This loss function in tensorflow is used as a loss function in keras/tensorflow to weight binary decisions 张量流中的这个损失函数被用作keras /张量流中的损失函数来加权二元决策

It weights false positives vs false negatives: 权衡误报与误报:

targets * -log(sigmoid(logits)) + (1 - targets) * -log(1 - sigmoid(logits)) 目标* -log(sigmoid(logits))+(1-目标)* -log(1-sigmoid(logits))

The argument pos_weight is used as a multiplier for the positive targets: 参数pos_weight用作正目标的乘数:

targets * -log(sigmoid(logits)) * pos_weight + (1 - targets) * -log(1 - sigmoid(logits)) 目标* -log(sigmoid(logits))* pos_weight +(1-目标)* -log(1-sigmoid(logits))

Does anybody have any suggestions how in addition true positives could be weighted against true negatives if the loss/reward of them should not have an equal weight? 如果有人的损失/报酬不应具有相等的权重,那么是否有人建议将真实的正数与真实的负数相加权?

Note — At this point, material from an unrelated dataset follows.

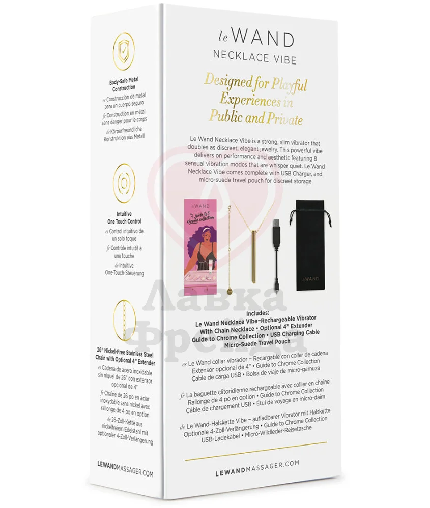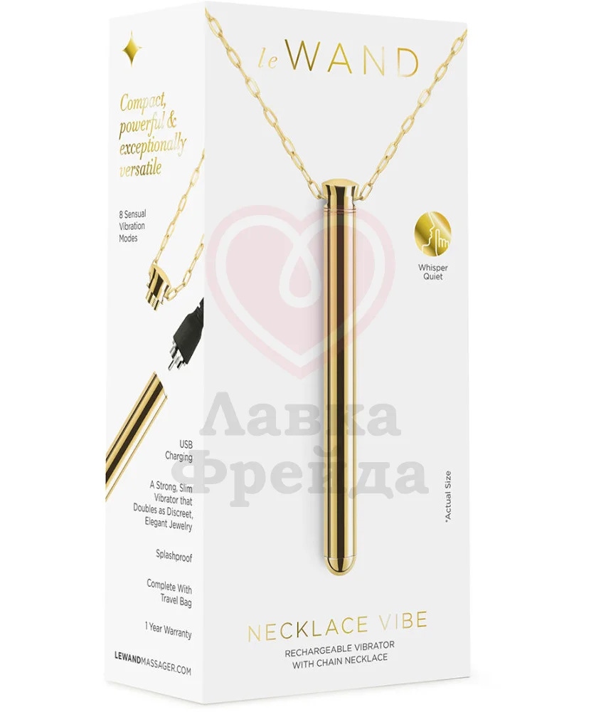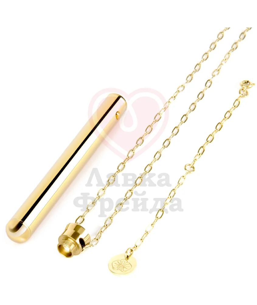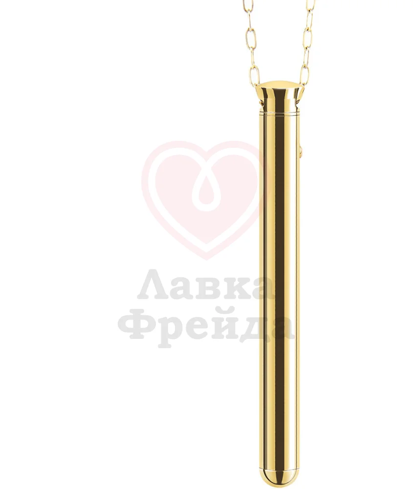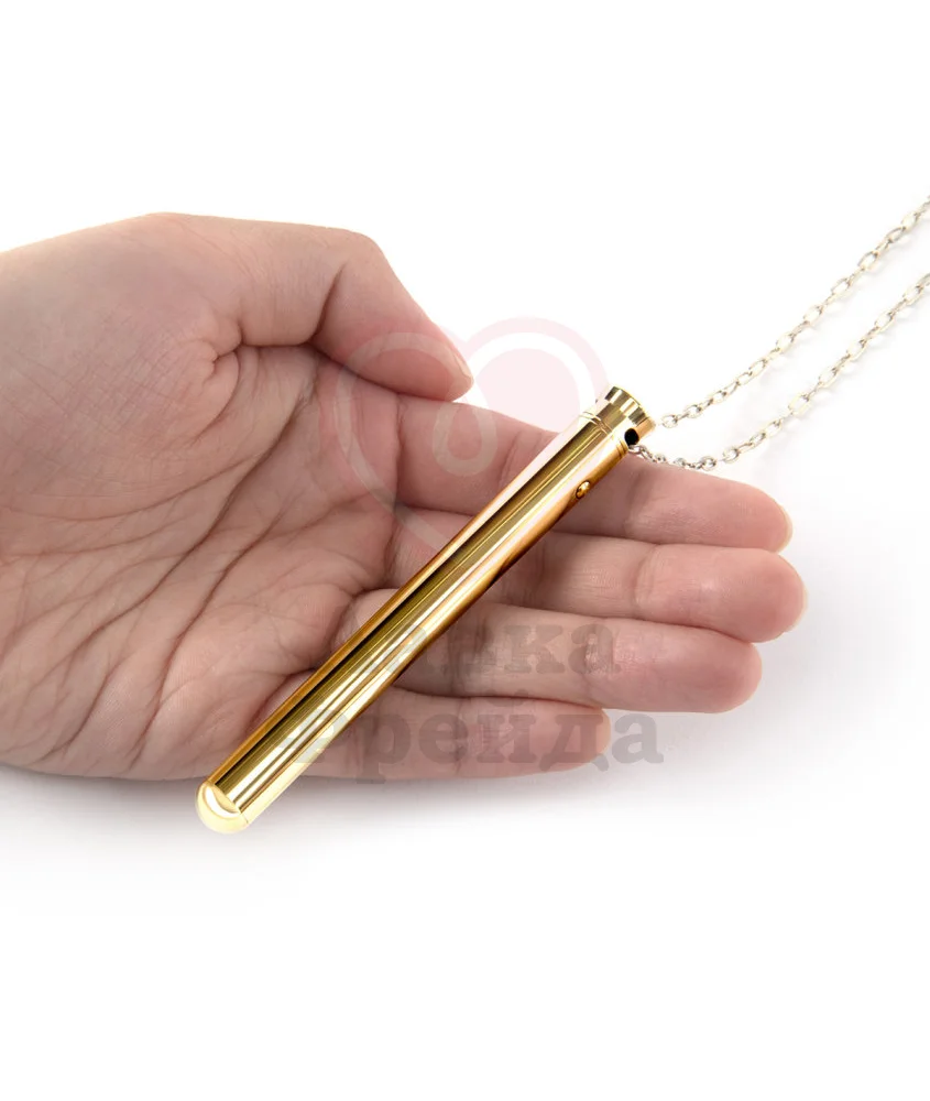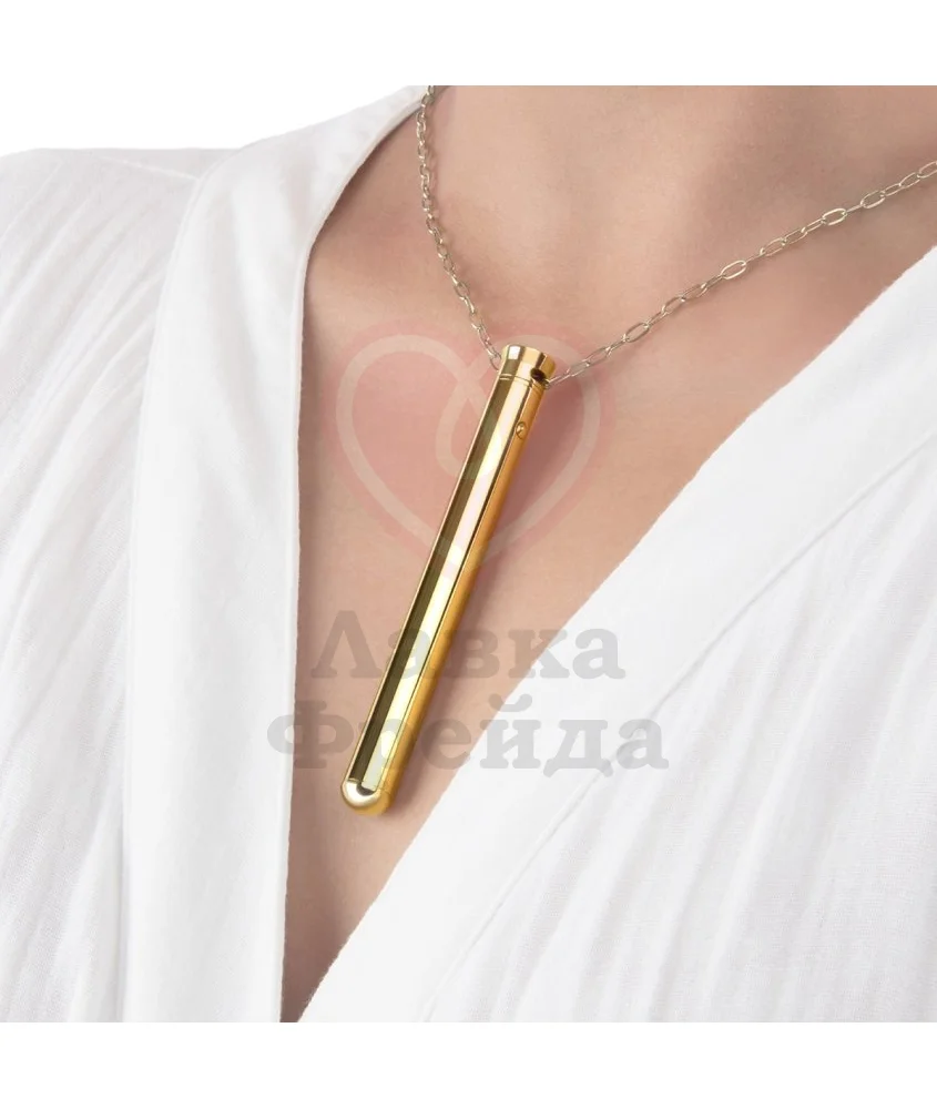 Вибратор Le Wand Vibrating Necklace Golg может быть необычным украшением вашего образа - тонкая палочка золотого цвета с длинной цепочкой из нержавеющей стали выглядит как оригинальное украшение, и никто не догадается об истинном предназначении игрушки. Округлый кончик девайса предназначен для стимуляции клитора - можно точечно прикладывать вибратор или круговыми движениями массировать нежную область или класть игрушку по всей длине половых губ, добиваясь более ярких ощущений от игры.

First, note that with cross entropy loss, there is some (possibly very very small) penalty to each example (even if correctly classified). 首先,请注意,由于交叉熵损失,每个示例(即使正确分类)也会受到一些(可能非常小)损失。 For example, if the correct class is 1 and our logit is 10, the penalty will be 例如,如果正确的类别是1,而我们的logit是10,则惩罚为

-log(sigmoid(10)) = 4*1e-5

This loss (very slightly) pushes the network to produce even higher logit for this case to get its sigmoid even closer to 1. Similarly, for negative class, even if the logit is -10, the loss will push it to be even more negative. 这种损失(非常轻微)会导致网络产生更高的logit,使这种情况的乙状结肠更接近1。类似地,对于负数类别,即使logit为-10,损失也会使它变得更加负数。 。

This is usually fine because the loss from such terms is very small. 通常很好,因为此类条款造成的损失很小。 If you would like your network to actually achieve zero loss, you can use label_smoothing . 如果您希望网络实际达到零损失,则可以使用label_smoothing This is probably as close to "rewarding" the network as you can get in the classic setup of minimizing loss (you can obviously "reward" the network by adding some negative number to the loss. That won't change the gradient and training behavior though). 在经典的将损失最小化的设置中,这可能与“奖励”网络非常接近(显然,可以通过向损失中添加一些负数来“奖励”网络。这不会改变梯度和训练行为虽然)。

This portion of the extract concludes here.